How to complete this task: Each line of the data below goes into the copy exactly; pictures do not.

[Stored items from a collection]
-- Opening Marker --

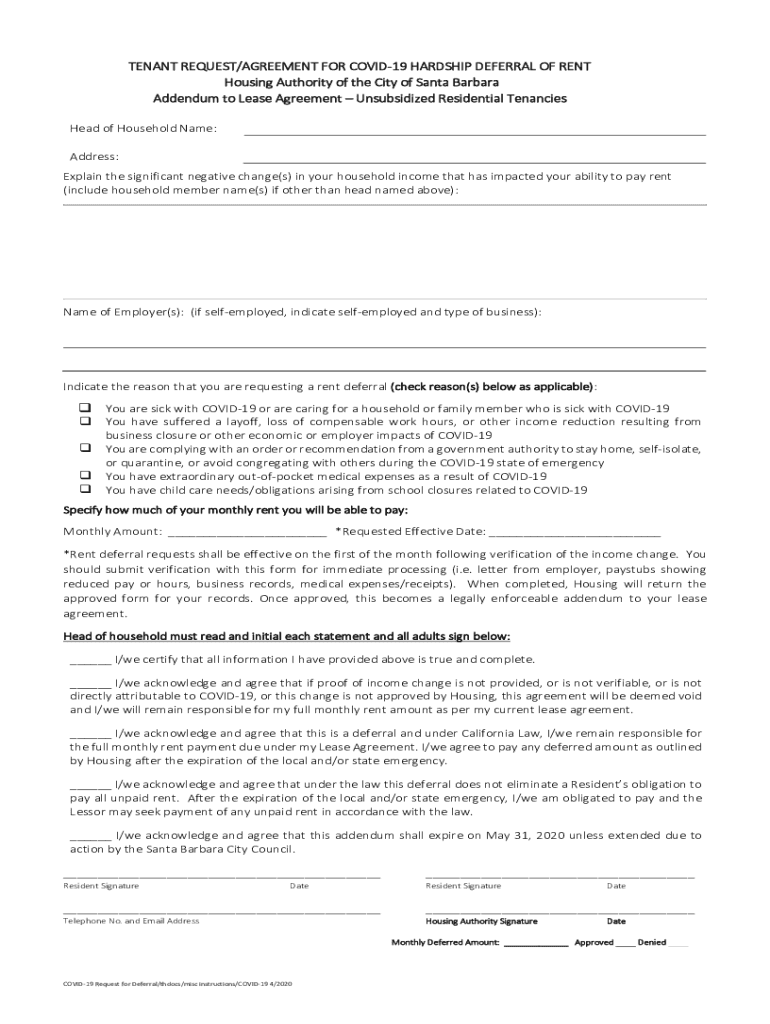 TENANT REQUEST/AGREEMENT FOR COVID-19 HARDSHIP DEFERRAL OF RENT Housing Authority of the City of Santa Barbara Addendum to Lease Agreement Unsubsidized Residential Tenancies Head of Household Name:
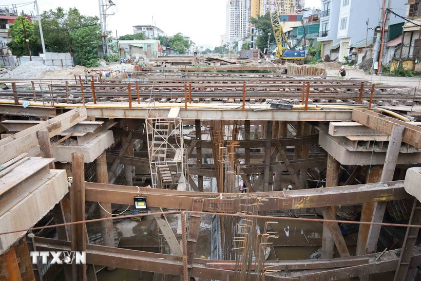 Thi công hầm chui Giải Phóng-Kim Đồng. (Ảnh: Vũ Quang/TTXVN)
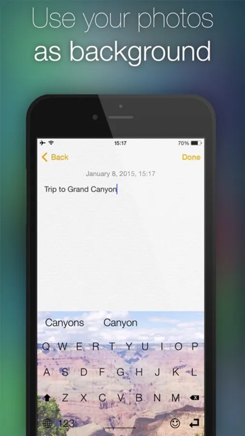 - Custom background! Add a background image to Photo Keyboard. Try it! It will look great!
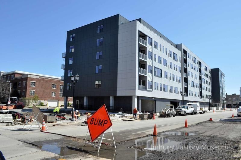 View of newly-opened The Marke Luxury Apartments at 100 N. Addison from First Street looking east.Photograph Details
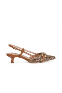 Escarpin à bride arrière effet raphia avec dentelle et mors. forme mince. semelle intérieure en cuir. talon de bobine de 5 cm. des chaussures qui allient élégance et modernité. idéal pour ajouter une touche sophistiquée à n'importe quelle tenue.
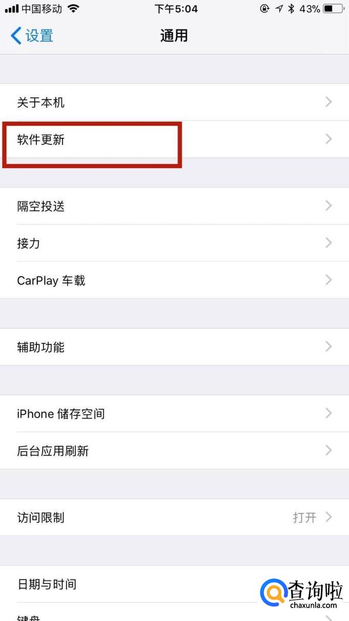 接着点击软件更新,如下图所示。
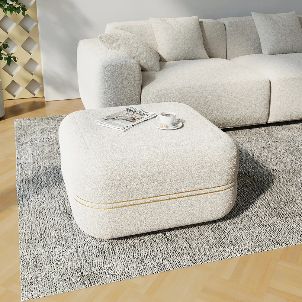 A luxurious ottoman featuring a soft bouclé texture and solid natural wood structure for comfort and durability.
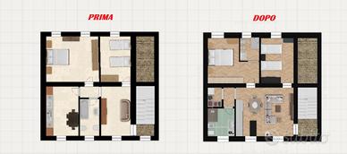 Composto ampio soggiorno, cucina abitabile, 1 bagno, 2 ampie e comode camere da letto.

-- Closing Marker --

Result:
 TENANT REQUEST/AGREEMENT FOR COVID-19 HARDSHIP DEFERRAL OF RENT Housing Authority of the City of Santa Barbara Addendum to Lease Agreement Unsubsidized Residential Tenancies Head of Household Name:
 Thi công hầm chui Giải Phóng-Kim Đồng. (Ảnh: Vũ Quang/TTXVN)
 - Custom background! Add a background image to Photo Keyboard. Try it! It will look great!
 View of newly-opened The Marke Luxury Apartments at 100 N. Addison from First Street looking east.Photograph Details
 Escarpin à bride arrière effet raphia avec dentelle et mors. forme mince. semelle intérieure en cuir. talon de bobine de 5 cm. des chaussures qui allient élégance et modernité. idéal pour ajouter une touche sophistiquée à n'importe quelle tenue.
 接着点击软件更新,如下图所示。
 A luxurious ottoman featuring a soft bouclé texture and solid natural wood structure for comfort and durability.
 Composto ampio soggiorno, cucina abitabile, 1 bagno, 2 ampie e comode camere da letto.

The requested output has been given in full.